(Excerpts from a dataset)
◆ ◆ ◆ ◆ ◆ ◆ ◆

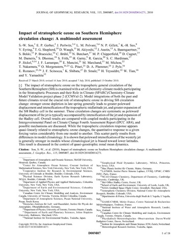 Son, S.- W., Gerber, E. P., Perlwitz, J., Polvani, L. M., Gillett, N. P., Seo, K.-H., Eyring, V., Shepherd, T. G. orcid id iconORCID: https://orcid.org/0000-0002-6631-9968, Waugh, D., Akiyoshi, H., Austin, J., Baumgaertner, A., Bekki, S., Braesicke, P., Brühl, C., Butchart, N., Chippenfield, M. P., Cugnet, D., Dameris, M., Dhomse, S., Frith, S., Garny, H., Garcia, R., Hardiman, S. C., Jöckel, P., Lamarque, J. F., Mancini, E., Marchand, M., Michou, M., Nakamura, T., Morgenstern, O., Pitari, G., Plummer, D. A., Pyle, J., Rozanov, E., Scinocca, J. F., Shibata, K., Smale, D., Teyssèdre, H., Tian, W. and Yamashita, Y. (2010) Impact of stratospheric ozone on Southern Hemisphere circulation change: A multimodel assessment. Journal of Geophysical Research - Atmospheres, 115 (D3). D00M07. ISSN 0148-0227 doi: 10.1029/2010JD014271
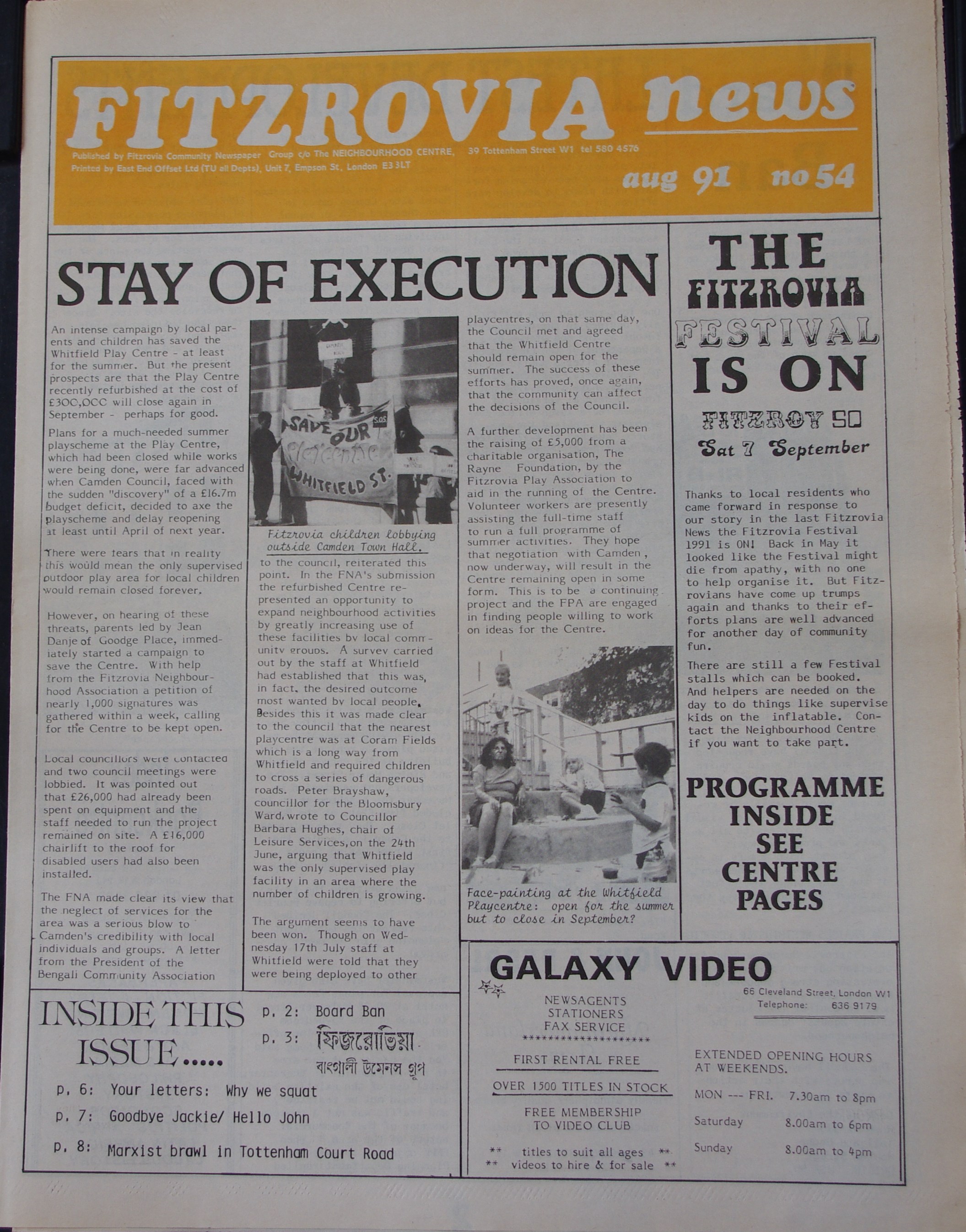 Front Page. Stay of execution. Fitzrovia Play Centre saved for time being. The Fitzrovia Festival is on!
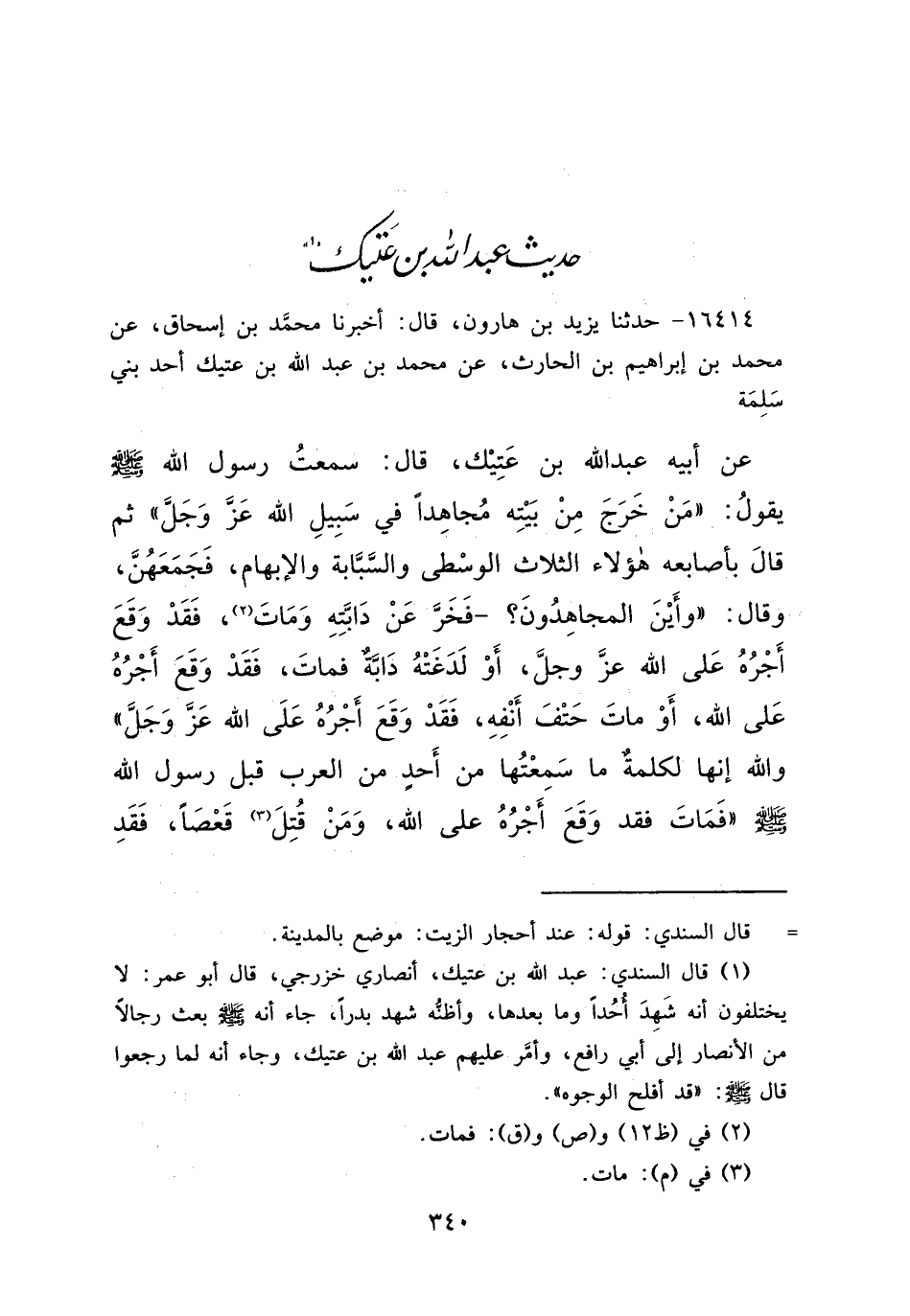 ١٦٤١٤ - حَدَّثَنَا يَزِيدُ بْنُ هَارُونَ، قَالَ: أَخْبَرَنَا مُحَمَّدُ بْنُ إِسْحَاقَ، عَنْ مُحَمَّدِ بْنِ إِبْرَاهِيمَ بْنِ الْحَارِثِ، عَنْ مُحَمَّدِ بْنِ عَبْدِ اللهِ بْنِ عَتِيكٍ أَحَدِ بَنِي سَلِمَةَ، عَنْ أَبِيهِ عَبْدِ اللهِ بْنِ عَتِيكٍ قَالَ: سَمِعْتُ رَسُولَ اللهِ صَلَّى اللهُ عَلَيْهِ وَسَلَّمَ يَقُولُ: " مَنْ خَرَجَ مِنْ بَيْتِهِ مُجَاهِدًا فِي سَبِيلِ اللهِ عَزَّ وَجَلَّ ـ ثُمَّ قَالَ: بِأَصَابِعِهِ هَؤُلَاءِ الثَّلَاثِ: الْوُسْطَى وَالسَّبَّابَةِ وَالْإِبْهَامِ، فَجَمَعَهُنَّ وَقَالَ: وَأَيْنَ الْمُجَاهِدُونَ؟ ـ فَخَرَّ عَنْ دَابَّتِهِ وَمَاتَ (٢) فَقَدْ وَقَعَ أَجْرُهُ عَلَى اللهِ عَزَّ وَجَلَّ، أَوْ لَدَغَتْهُ دَابَّةٌ فَمَاتَ فَقَدْ وَقَعَ أَجْرُهُ عَلَى اللهِ، أَوْ مَاتَ حَتْفَ أَنْفِهِ فَقَدْ وَقَعَ أَجْرُهُ عَلَى اللهِ عَزَّ وَجَلَّ "، وَاللهِ إِنَّهَا لَكَلِمَةٌ مَا سَمِعْتُهَا مِنْ أَحَدٍ مِنَ الْعَرَبِ قَبْلَ رَسُولِ اللهِ صَلَّى اللهُ عَلَيْهِ وَسَلَّمَ: " فَمَاتَ فَقَدْ وَقَعَ أَجْرُهُ عَلَى اللهِ، وَمَنْ قُتِلَ (٣) قَعْصًا فَقَدِ
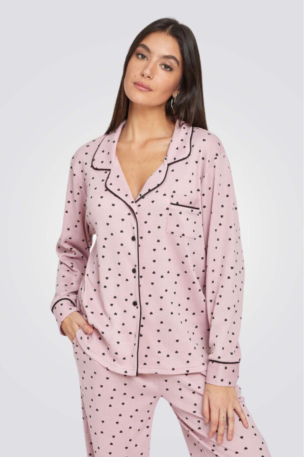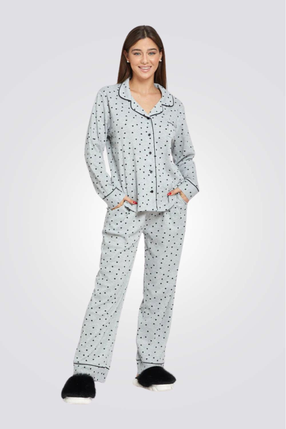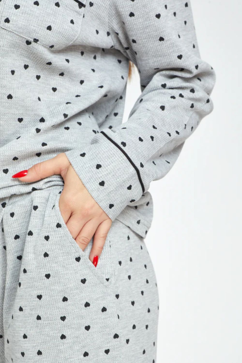 מורכבת מחולצה ארוכה מכופתרת עם כיס, בהדפס לבבות יחד עם מכנסיים ארוכים בגזרה ישרה עם שרוך קשירה ושני כיסים.
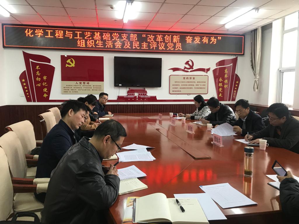 为深入学习贯彻党的十九大精神和习近平新时代中国特色社会主义思想,落实“改革创新 奋发有为”大讨论工作,进一步提高党支部战斗力,发挥作用。根据省委教育工委《关于召开2018年度基层党组织组织生活会和开展民主评议党员的通知》(晋教工委组〔2019〕7号)文件精神,2019年4月4日下午,化学工程与技术学院化学工程与工艺基础党支部召开专题组织生活会,副校长潘晋孝、组织部副部长常旭青莅临指导本次会议,院党委书记廖海洪、院长祁贵生列席会议。
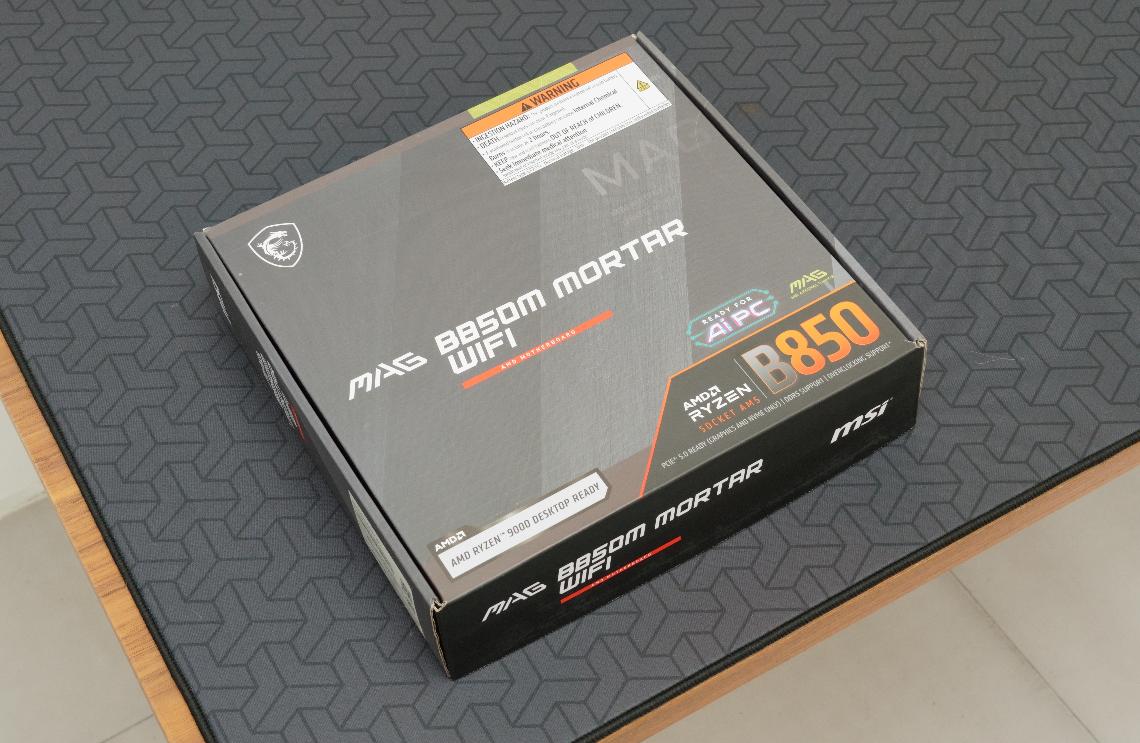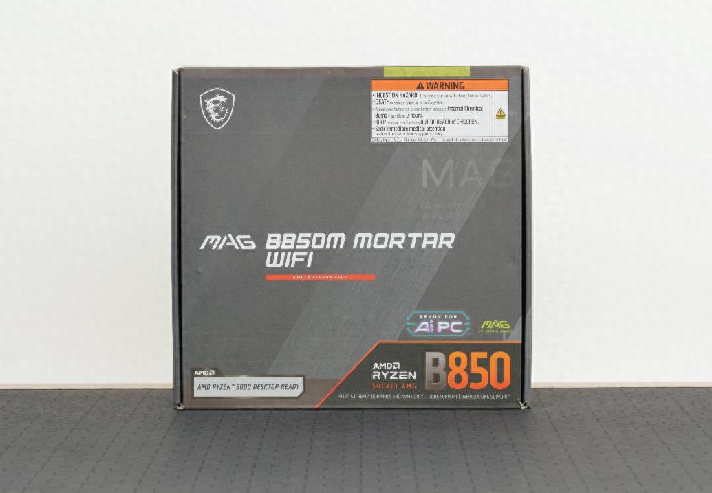MAG B850M MORTAR 迫击炮 WIFI主板在外包装上依旧采用了微星MAG迫击炮的金属灰配色,右下角用了AMD的橙红色标注了主板的芯片组的B850。

◆ ◆ ◆ ◆ ◆ ◆ ◆

→ **Work required**: Please ensure that the data above is repeated exactly, with no pictures in the copy.

→ **Result of the task**:
 Son, S.- W., Gerber, E. P., Perlwitz, J., Polvani, L. M., Gillett, N. P., Seo, K.-H., Eyring, V., Shepherd, T. G. orcid id iconORCID: https://orcid.org/0000-0002-6631-9968, Waugh, D., Akiyoshi, H., Austin, J., Baumgaertner, A., Bekki, S., Braesicke, P., Brühl, C., Butchart, N., Chippenfield, M. P., Cugnet, D., Dameris, M., Dhomse, S., Frith, S., Garny, H., Garcia, R., Hardiman, S. C., Jöckel, P., Lamarque, J. F., Mancini, E., Marchand, M., Michou, M., Nakamura, T., Morgenstern, O., Pitari, G., Plummer, D. A., Pyle, J., Rozanov, E., Scinocca, J. F., Shibata, K., Smale, D., Teyssèdre, H., Tian, W. and Yamashita, Y. (2010) Impact of stratospheric ozone on Southern Hemisphere circulation change: A multimodel assessment. Journal of Geophysical Research - Atmospheres, 115 (D3). D00M07. ISSN 0148-0227 doi: 10.1029/2010JD014271
 Front Page. Stay of execution. Fitzrovia Play Centre saved for time being. The Fitzrovia Festival is on!
 ١٦٤١٤ - حَدَّثَنَا يَزِيدُ بْنُ هَارُونَ، قَالَ: أَخْبَرَنَا مُحَمَّدُ بْنُ إِسْحَاقَ، عَنْ مُحَمَّدِ بْنِ إِبْرَاهِيمَ بْنِ الْحَارِثِ، عَنْ مُحَمَّدِ بْنِ عَبْدِ اللهِ بْنِ عَتِيكٍ أَحَدِ بَنِي سَلِمَةَ، عَنْ أَبِيهِ عَبْدِ اللهِ بْنِ عَتِيكٍ قَالَ: سَمِعْتُ رَسُولَ اللهِ صَلَّى اللهُ عَلَيْهِ وَسَلَّمَ يَقُولُ: " مَنْ خَرَجَ مِنْ بَيْتِهِ مُجَاهِدًا فِي سَبِيلِ اللهِ عَزَّ وَجَلَّ ـ ثُمَّ قَالَ: بِأَصَابِعِهِ هَؤُلَاءِ الثَّلَاثِ: الْوُسْطَى وَالسَّبَّابَةِ وَالْإِبْهَامِ، فَجَمَعَهُنَّ وَقَالَ: وَأَيْنَ الْمُجَاهِدُونَ؟ ـ فَخَرَّ عَنْ دَابَّتِهِ وَمَاتَ (٢) فَقَدْ وَقَعَ أَجْرُهُ عَلَى اللهِ عَزَّ وَجَلَّ، أَوْ لَدَغَتْهُ دَابَّةٌ فَمَاتَ فَقَدْ وَقَعَ أَجْرُهُ عَلَى اللهِ، أَوْ مَاتَ حَتْفَ أَنْفِهِ فَقَدْ وَقَعَ أَجْرُهُ عَلَى اللهِ عَزَّ وَجَلَّ "، وَاللهِ إِنَّهَا لَكَلِمَةٌ مَا سَمِعْتُهَا مِنْ أَحَدٍ مِنَ الْعَرَبِ قَبْلَ رَسُولِ اللهِ صَلَّى اللهُ عَلَيْهِ وَسَلَّمَ: " فَمَاتَ فَقَدْ وَقَعَ أَجْرُهُ عَلَى اللهِ، وَمَنْ قُتِلَ (٣) قَعْصًا فَقَدِ
 מורכבת מחולצה ארוכה מכופתרת עם כיס, בהדפס לבבות יחד עם מכנסיים ארוכים בגזרה ישרה עם שרוך קשירה ושני כיסים.
 为深入学习贯彻党的十九大精神和习近平新时代中国特色社会主义思想,落实“改革创新 奋发有为”大讨论工作,进一步提高党支部战斗力,发挥作用。根据省委教育工委《关于召开2018年度基层党组织组织生活会和开展民主评议党员的通知》(晋教工委组〔2019〕7号)文件精神,2019年4月4日下午,化学工程与技术学院化学工程与工艺基础党支部召开专题组织生活会,副校长潘晋孝、组织部副部长常旭青莅临指导本次会议,院党委书记廖海洪、院长祁贵生列席会议。
MAG B850M MORTAR 迫击炮 WIFI主板在外包装上依旧采用了微星MAG迫击炮的金属灰配色,右下角用了AMD的橙红色标注了主板的芯片组的B850。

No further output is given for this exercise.